As code becomes more complex, the ways to achieve a given solution multiply. This is just one solution of many possibilities.

Gathering data

There is interest in examining the inflammation data in a more complete analysis. To examine effects of treatments across trials, we first need to collect our data into a single file.

Gather all of the data from the various inflammation files into a single data frame with the appropriate labels indicating where each data point originated. Make sure that your script is robust enough to run on any number of inflammation data files.

Solution

# First, grab our file list using pattern matching
inflam.files <- list.files(path = "data", 
                       pattern = "^inflammation-.*.csv$",
                       full.names = TRUE)

# Start the for loop to cycle through the files
for(i.file in 1:length(inflam.files)) { # this time we use a numeric index
  # grab file name
  file.c <- inflam.files[i.file]
  
  # read in the current file
  inflam.c <- read.csv(file = file.c, header = FALSE)
  
  # name the columns
  names(inflam.c) <- paste0("Inflammation.D",1:40)
  
  # add columns for Patient ID and Trial ID
  inflam.c <- cbind(Patient.ID = 1:60, Trial.ID = i.file, inflam.c)
  
  # if this is the first iteration, the combined file is the same as the current file
  if(i.file == 1) {
    inflam.combined <- inflam.c
  
  # otherwise, add the rows of inflam.c to the growing combined data frame
  } else {
    inflam.combined <- rbind(inflam.combined, inflam.c)
  }
}

# save file
write.csv(inflam.combined, file = "data/combined-inflammation.csv",
          quote = FALSE, row.names = FALSE)

Is there a more efficient way to do this?


Key Points

  • There are a number of ways to use logical operators, relational operators, and various functions to ask complex and specific questions in the form of if statements.

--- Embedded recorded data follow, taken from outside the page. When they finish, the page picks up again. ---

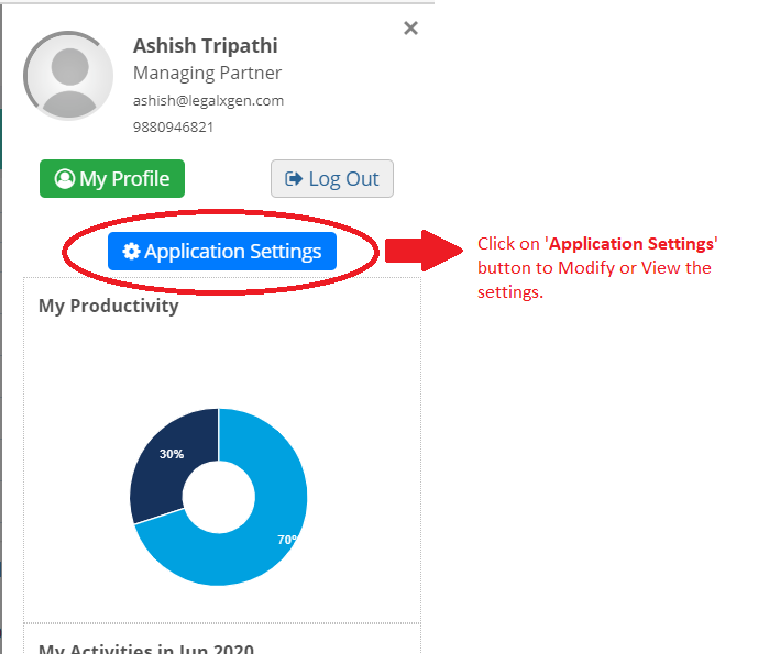 - Click on your name at the top right. Click on Application Settings button.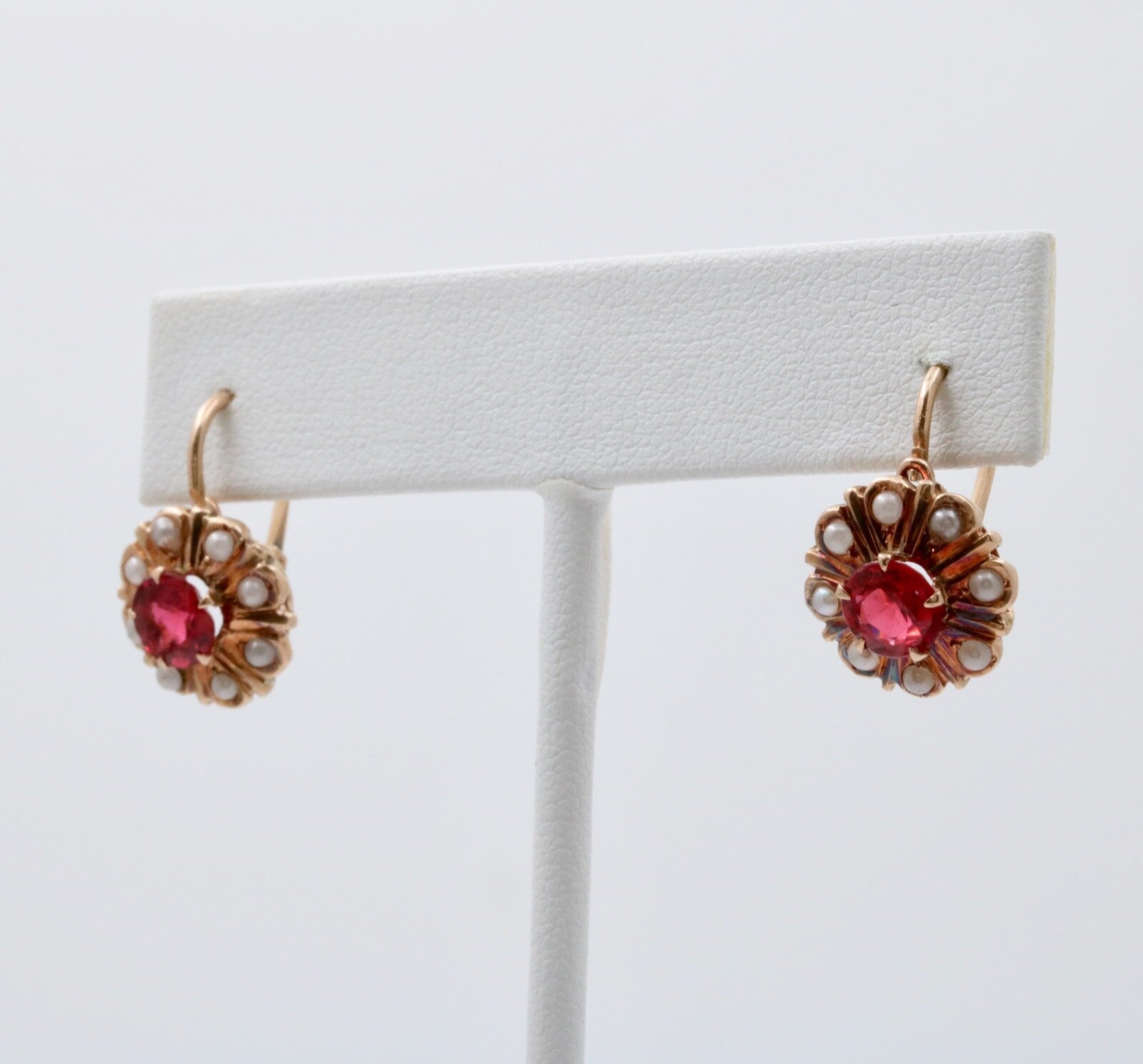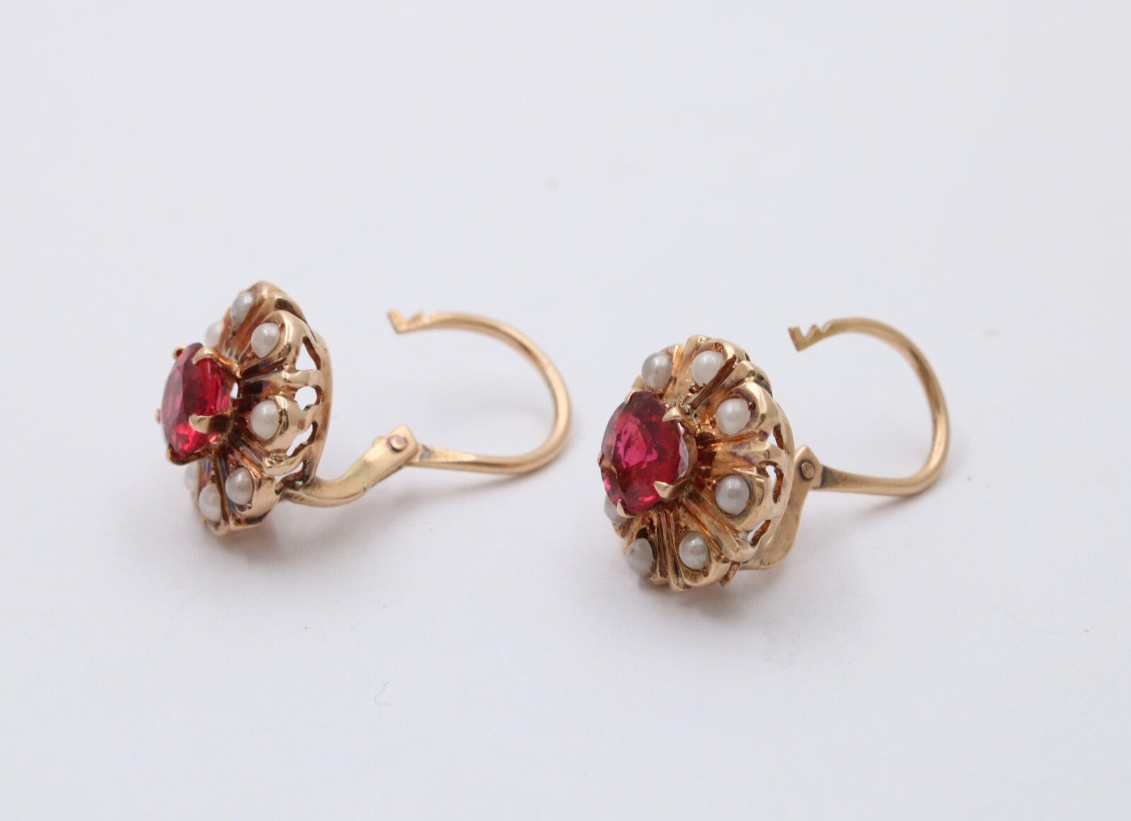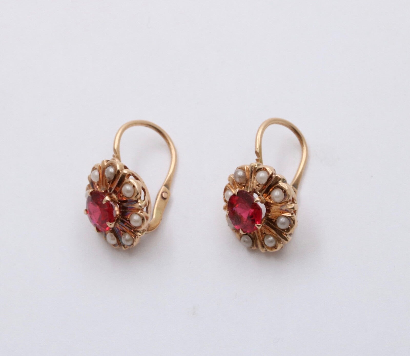 The pair of antique sweet drop earrings are crafted in warm 14K yellow gold featuring round cut paste with rich cranberry color. The shimmering split pearls are given added sweetness by shape of the flower.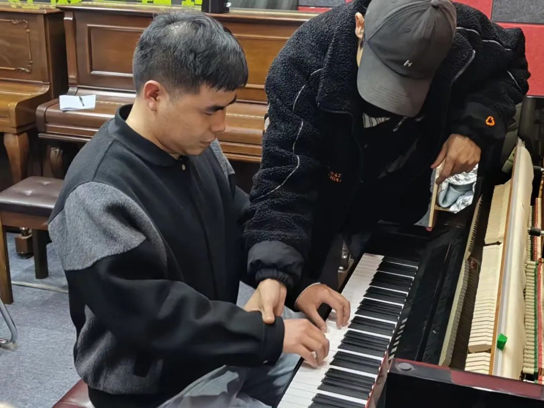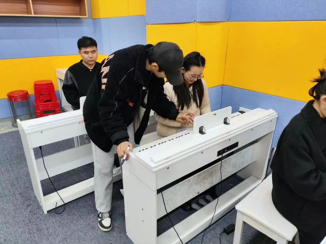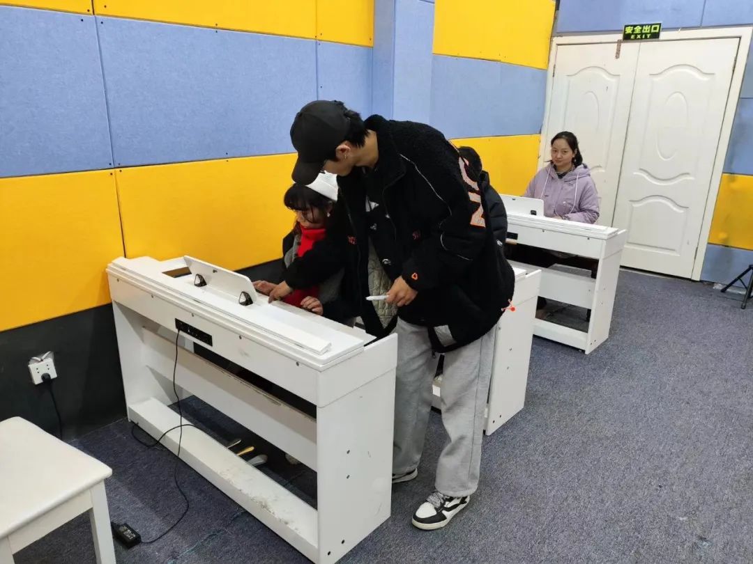 讲解完乐理知识后,老师耐心地为学员们做示范,并指导学员弹奏简单易上手的乐曲,共同感受琴键在指间跃动,音符流淌成绚烂乐章的美妙。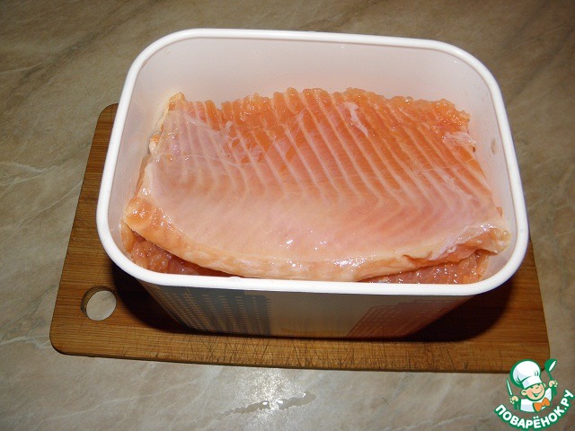 Красную рыбу освобождаем от костей (кожу оставляем), режем по назначению, в данном случае я делала бутербродный вариант, поэтому тушку разрезала вдоль пополам, а потом еще на две части поперек (длина такая, чтобы в контейнер потом уместилась) а можно разрезать целую рыбу и поперек просто стейками (тогда кости удалять не надо) этот вариант хорош с картошкой и просто сам по себе)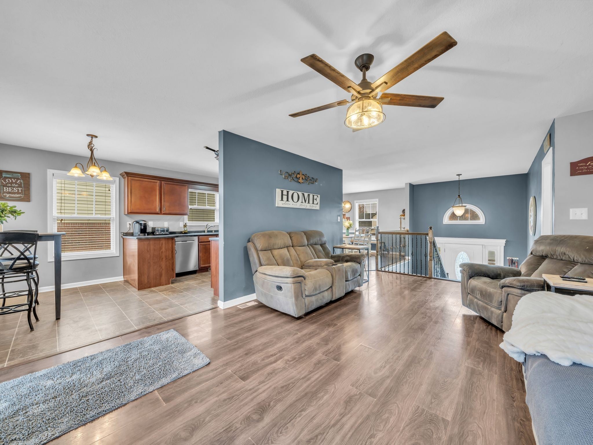 Motivated Sellers! Plenty of space for everyone in this wonderful split level home w/ private fenced yard, cozy living room propane fireplace, stainless steel appliances, breakfast nook as well as formal dining for entertaining, 3 beds/2 full baths upstairs and 1 bed/1 full bath downstairs w/ bonus/rec room/man cave and laundry room and 2 car garage. The primary bedroom has a trey ceiling, walk-in closet and attached bath with dual vanities. Brand new laminate floors downstairs. Large new storage shed, grill, garage racks, tv brackets, & Vivint security system to remain. Lot size extends beyond backyard fence. This home not only has it all, but is conveniently located minutes from post and shopping in a quiet neighborhood tucked away in the heart of Ringgold Estates and best yet - no HOA! Sellers to provide professional cleaning and re-seeding the back lawn. Don't miss this one today!
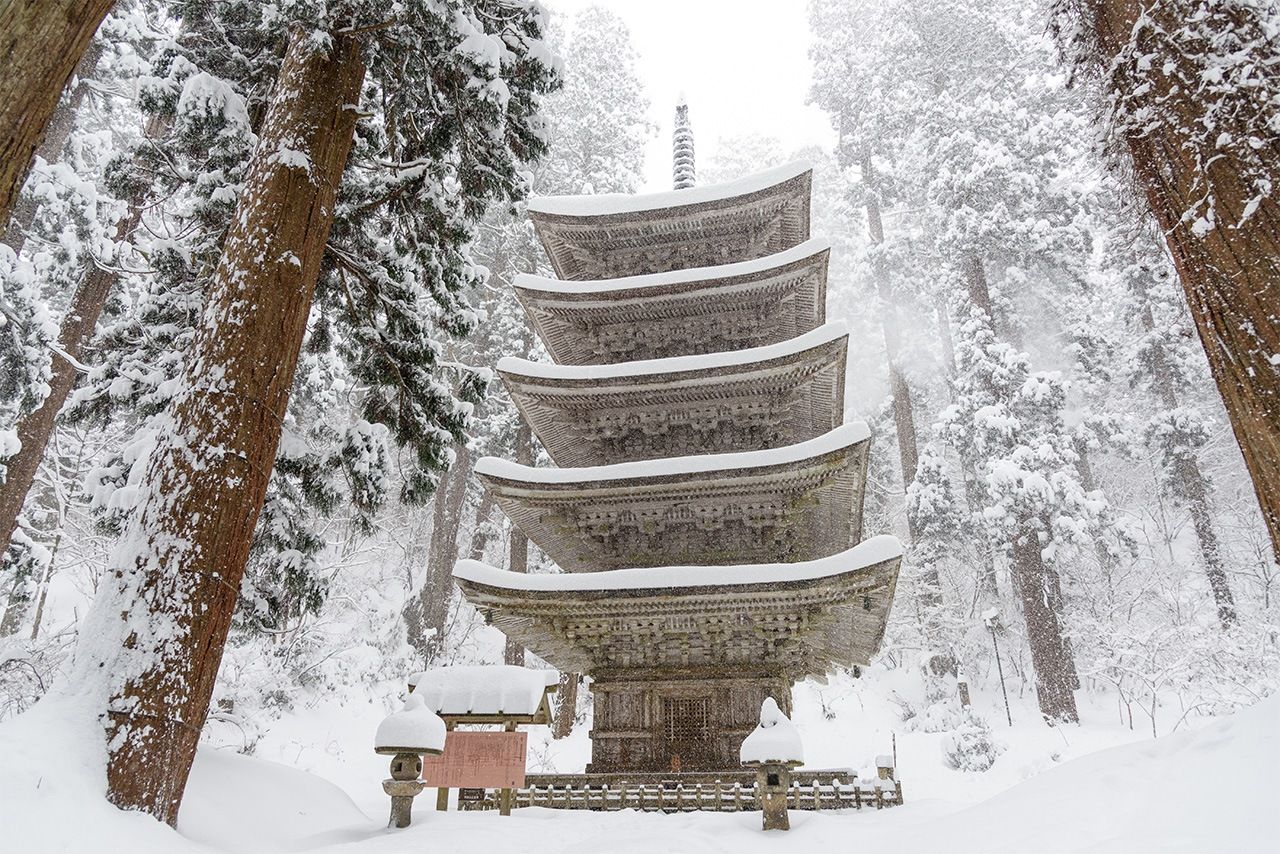 La pagoda de cinco pisos que se alza junto al camino que lleva hacia el santuario del monte Haguro. La más antigua en su género de la región de Tōhoku, está catalogada como tesoro nacional. (PIXTA)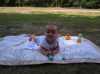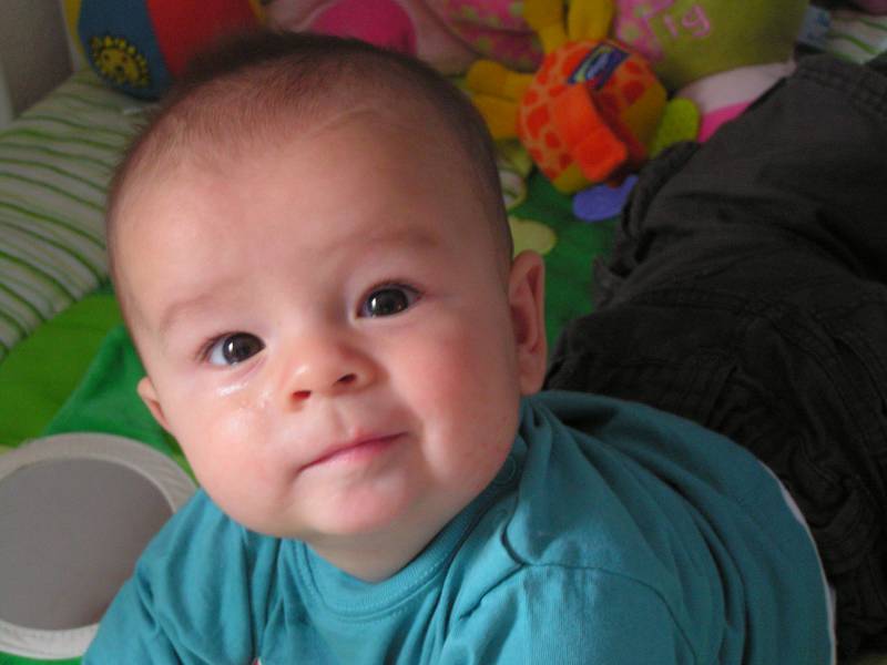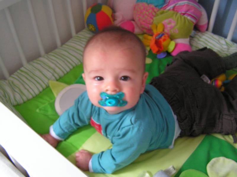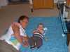 Zoals jullie vorige week hebben gelezen waren opa en oma Kip terug van vakantie en mochten ze na vier weken woensdag gelijk weer op Jesse passen... En dat vonden ze erg haha... Jesse heeft zich de hele dag prima vermaakt. Heerlijk gewandeld en bij de kipjes gezeten.. Ook op het speelkleed heeft Jesse zich heerlijk uit kunnen leven.. Daarna had vaders een lang weekend. Ik was dus vier dagen bij mijn lekkere ventje. Donderdag kwam eerst Rosa de hele dag. Dat was gezellie en zelfs Rosa was het zat aan het eind van de dag.. 's Avonds ging ik naar Doe Maar met ome Rein en Tante Lies. Vrijdag kwamen eerst ome Rein en tante Lies een bakkie en broodje ei doen, en natuurlijk Jesse knuffelen.. 's Avonds bleven ome Hans tante Lau en Rosa eten. Dat was erg gezellig... Top 40 spel gespeeld en door mij gewonnen natuurlijk :) Zaterdag zijn we naar ome Tim en tante Margje geweest. Daar blijven eten en monopoly gespeeld tot kwart voor 12 !!! Dat was wel een latertje voor Jesse maar een erg leuke avond.. Helaas heeft ome Tim gewonnen :( Zeker voor herhaling vatbaar, maar eerst komen ze weer een keer richting Jesse.. Jesse's tandjes komen door en daar heeft hij af en toe wel last van. Gisteren heeft hij voor het eerst een stukje gekropen op de bank. Wel met moeite maar het begin is er... Nu nog heeeeeeeel gek en langzaam, maar straks is hij waarschijnlijk niet bij te houden en gaat ie als een raket door de kamer.....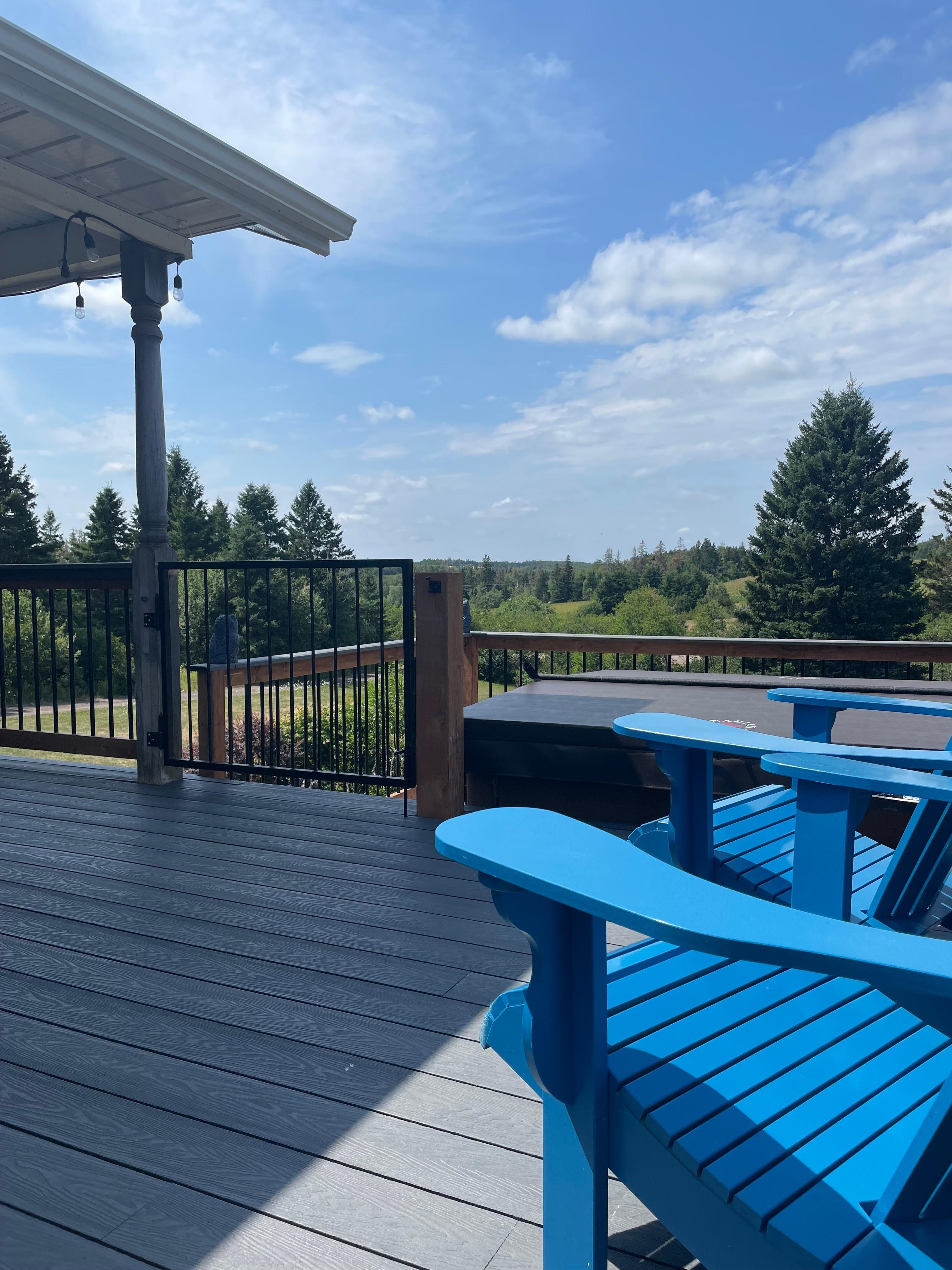 Sur la grande terrasse partiellement couverte, profitez d'un barbecue au propane, de nombreux siĂšges de terrasse et d'un bain Ă remous relaxant tout en admirant les magnifiques couchers de soleil.

  • Two commone ways to index the loop variable in for loops are to use the form for(variable in collection) to pull the elements (“variable”) from a vector (“collection”) one at at time, or to use the form for(i in 1:length(collection)) or for(i in seq_along(collection)) to instead pull each index (i.e. location) in a vector one at a time.

  • Use functions such as apply instead of for loops to conduct repeated operates on values contained within defined subsets of a data structure.

  • Use list.files(path = "path", pattern = "pattern", full.names = TRUE) to create a list of files whose names match a pattern.